▶ [Records shown]:

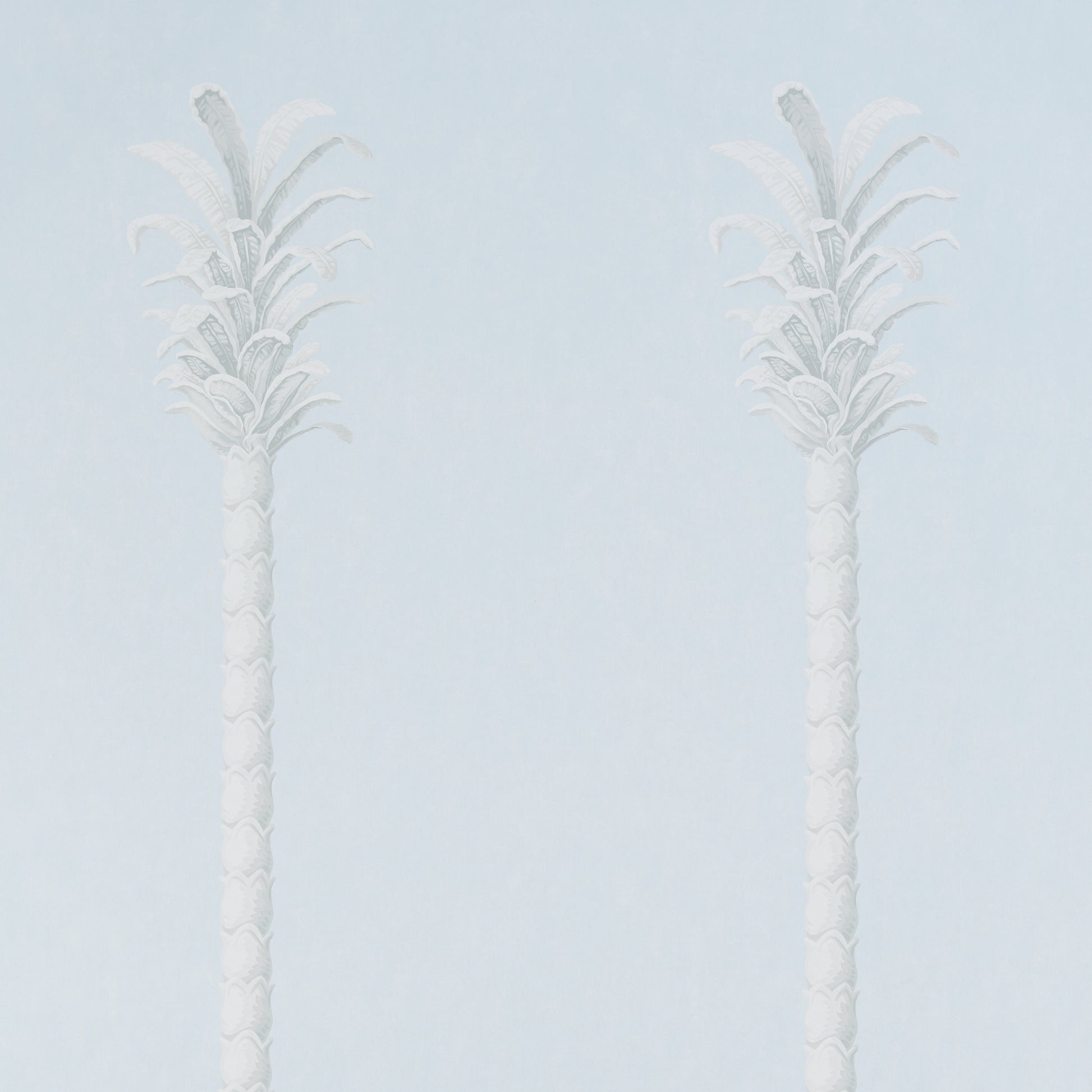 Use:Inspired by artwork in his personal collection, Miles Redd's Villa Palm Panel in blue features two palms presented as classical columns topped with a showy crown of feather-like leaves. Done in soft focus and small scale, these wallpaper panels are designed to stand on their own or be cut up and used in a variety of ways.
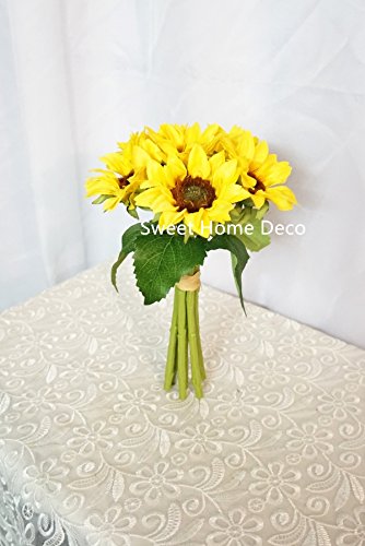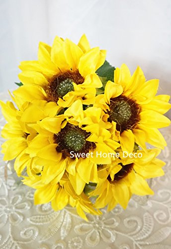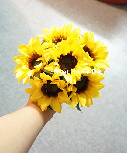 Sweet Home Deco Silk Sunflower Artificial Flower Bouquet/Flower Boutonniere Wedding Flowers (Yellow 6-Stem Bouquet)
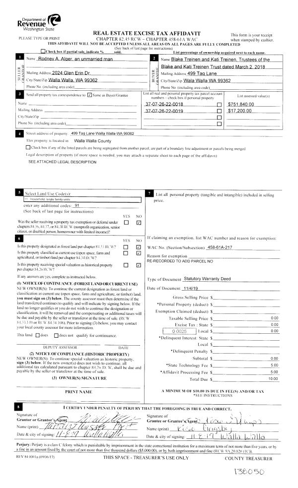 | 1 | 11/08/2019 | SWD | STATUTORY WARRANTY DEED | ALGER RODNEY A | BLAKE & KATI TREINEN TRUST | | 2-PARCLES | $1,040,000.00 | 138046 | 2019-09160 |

* * *

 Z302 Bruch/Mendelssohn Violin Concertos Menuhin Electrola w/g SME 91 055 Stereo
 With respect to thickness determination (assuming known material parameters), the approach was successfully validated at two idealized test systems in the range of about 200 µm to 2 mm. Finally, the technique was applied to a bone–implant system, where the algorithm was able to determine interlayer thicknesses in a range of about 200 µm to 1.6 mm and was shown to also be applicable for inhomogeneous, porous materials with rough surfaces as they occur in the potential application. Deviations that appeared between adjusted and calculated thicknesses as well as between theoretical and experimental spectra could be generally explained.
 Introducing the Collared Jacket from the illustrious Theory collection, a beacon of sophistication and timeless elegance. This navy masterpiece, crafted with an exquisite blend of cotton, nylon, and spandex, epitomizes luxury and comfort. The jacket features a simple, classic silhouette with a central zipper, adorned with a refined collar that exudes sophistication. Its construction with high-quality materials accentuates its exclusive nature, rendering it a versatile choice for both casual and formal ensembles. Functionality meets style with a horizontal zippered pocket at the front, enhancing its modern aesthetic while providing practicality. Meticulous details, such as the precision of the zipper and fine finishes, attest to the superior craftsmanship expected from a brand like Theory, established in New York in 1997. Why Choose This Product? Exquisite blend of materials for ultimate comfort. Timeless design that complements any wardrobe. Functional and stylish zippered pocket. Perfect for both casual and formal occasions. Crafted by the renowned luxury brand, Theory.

▶ [Task directions]:
Nothing outside the stretch above, from the line with "Use:Inspired by artwork" through the line with "138046 | 2019-09160 |", is set down. Transcribe that stretch exactly, ends included, but not its pictures.

▶ [Response to the task]:
 Use:Inspired by artwork in his personal collection, Miles Redd's Villa Palm Panel in blue features two palms presented as classical columns topped with a showy crown of feather-like leaves. Done in soft focus and small scale, these wallpaper panels are designed to stand on their own or be cut up and used in a variety of ways.
 Sweet Home Deco Silk Sunflower Artificial Flower Bouquet/Flower Boutonniere Wedding Flowers (Yellow 6-Stem Bouquet)
 | 1 | 11/08/2019 | SWD | STATUTORY WARRANTY DEED | ALGER RODNEY A | BLAKE & KATI TREINEN TRUST | | 2-PARCLES | $1,040,000.00 | 138046 | 2019-09160 |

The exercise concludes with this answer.